My aunt who had MS was given a gift of a personnel trainer at the age of 70. She had MS for 25 years and was using a walker, with in a year she was walking with a cane. Potter


finn15
1 year ago

I would def do this initially with a good PT or physio helps too
Retention of muscle mass, improve core and strength. The key I would say is to compliment with diet
Also train for shorter periods more often
Finn


katy79
1 year ago

@kimberley11

I was diagnosed with active RRMS in June 16 (after a relapse in February/March) – and I LOVE my personal training sessions.

I initially started having weekly PT sessions a while ago when I was trying to loose some weight (I am a former fatty – naturally inclined to being heavy I comfort ate myself through the loss of my Mum). I had started going to the gym but found I was too shy to do anything other than slog it out on the cross trainer, hoping I was invisible. This did kick start my weight loss – but I wanted more from the gym so initially booked in for a few PT sessions to build my confidence on the machines and free weights. I never intended to keep the PT long term.

Well – over 5 years and 4 stone later (which I lost some time back – my weight has been pretty stable for 4 years) – and I still have weekly PT. I’m confident in the gym now – go to a huge variety of different classes and don’t hide at the back and worry about making a fool of myself and am confident to manage a solid work out on my own on all the machines, free weights and other equipment regardless of how many muscle men and skinny minnies are crowding the floor.
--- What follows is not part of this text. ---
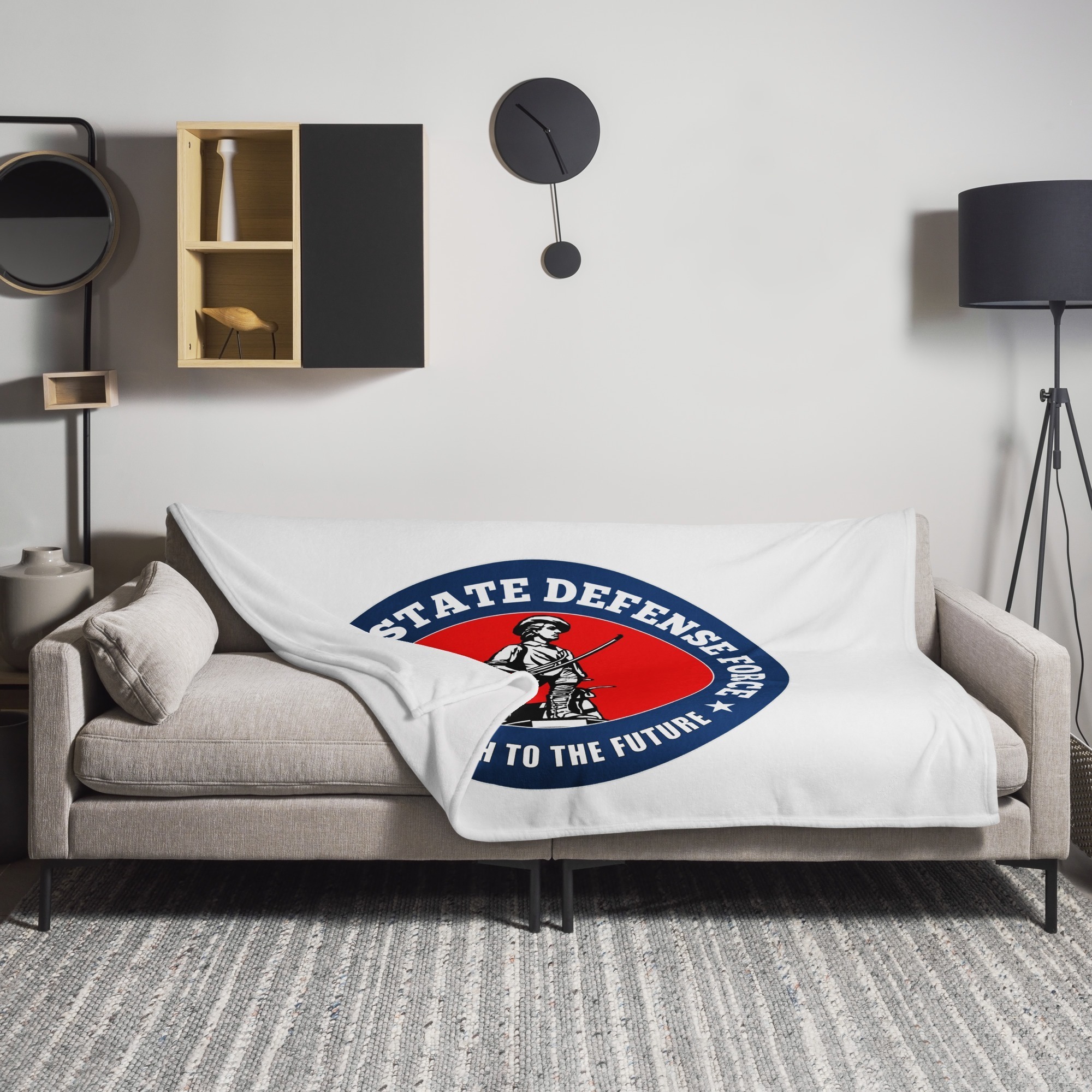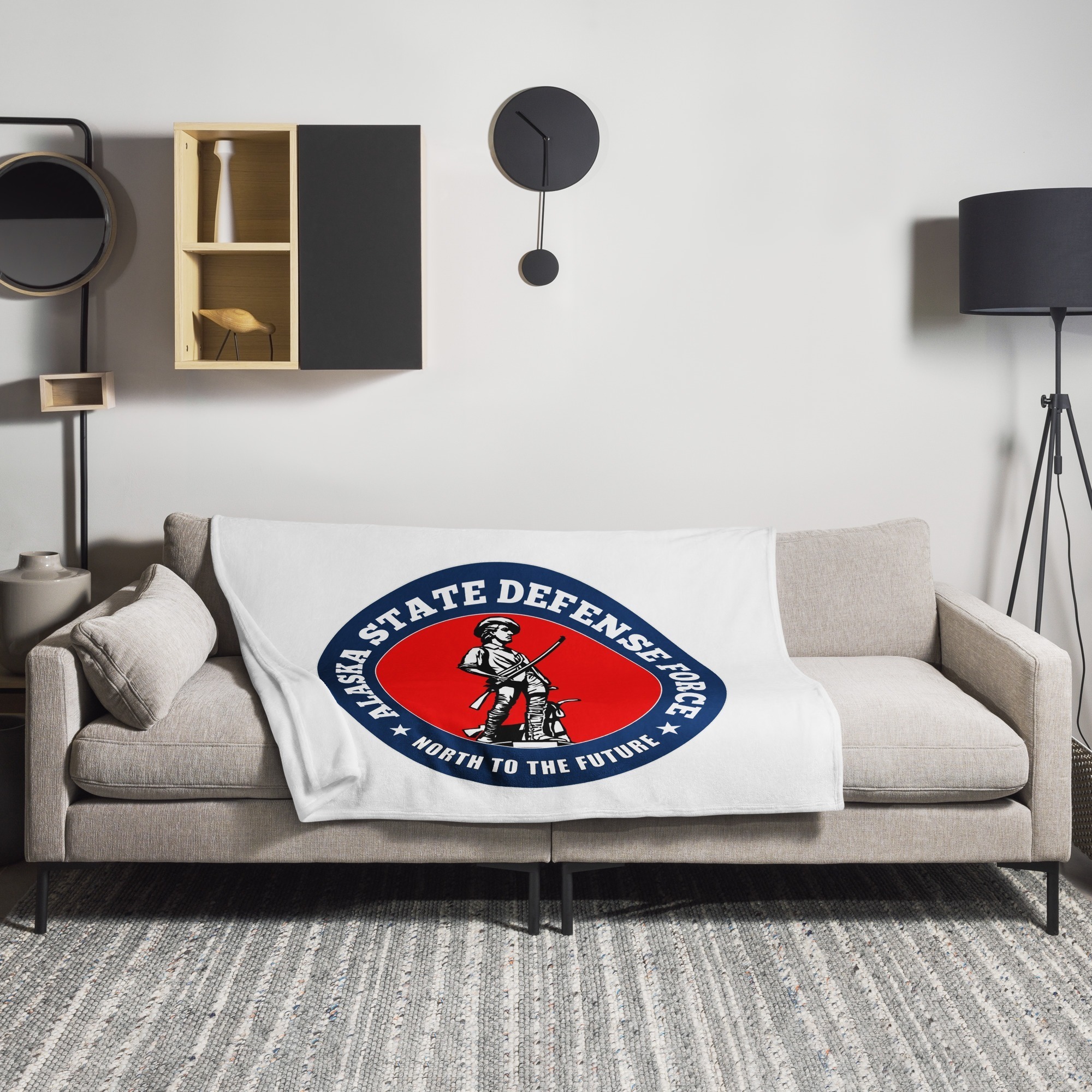 We designed a custom Alaska State Defense Force throw blanket that features Our Bold Minuteman Graphic with The Alaska State Defense Force motto embedded into it.
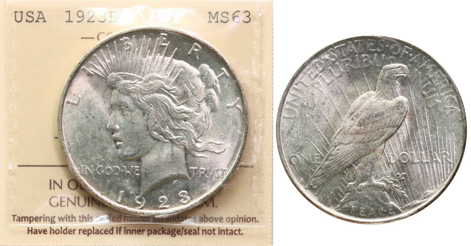 USA; 1923-D $1 "PEACE" ICCS MS63

So I feel I no longer need my PT for confidence, or to teach me how to use the bulk of the equipment. What I get from the sessions now are:
– my PT pushes me. I don’t get to choose what exercise we do or for how long or how heavy. Whilst I work myself quite hard when I’m on my own, its not quite the same
– my PT keeps it fresh – on my own I tend to revert back to the same old exercises and equipment I am most comfortable with and dodge those I like less (you would, for example, never see me volunteering a set of pull ups or session on the battle ropes). Keeping it mixed up, especially with super sets and compound exercises, forces your whole body to work and keeps it interesting
– having my PT spot me, and check me on form, lets me go heavier than I would have ever mentioned I could
– Boxing!! We end each session with 20 – 30 mins of pad work. It is utterly exhausting but I love it – and I think it is excellent for my MS. Remembering technique and footwork in long combinations (or just responding with speed and power to where the pads are placed) whilst my heart is pumping and I’m gasping for air is great for fitness and for cognative ability as well. A lot of boxing comes from the core which is also helpful on the MS front
– Finally, my PT knows about my MS. He was one of the first people I told (felt only fair to disclose I couldn’t feel my feet and was having MRI scans as he walked me across to a fully loaded squat rack!) and was brilliant about it. He took the time to do some research and asked me about my symptoms. As these are predominately left side (when they show themselves, which thankfully isn’t at all frequently and is only mildly) he also helps me monitor my comparative strength and mobility on both sides – and we make sure we work on my balance and core as we know these will help sustain me in the long run

My PT was recently promoted to Boss Trainer at my club – and his (already pretty high) fees went up. I thought about cancelling the sessions (or trading to a different chap) – but decided he was a luxury in my life I didn’t want to live without, and there were so many other things I would cut back on first if I needed to to keep him.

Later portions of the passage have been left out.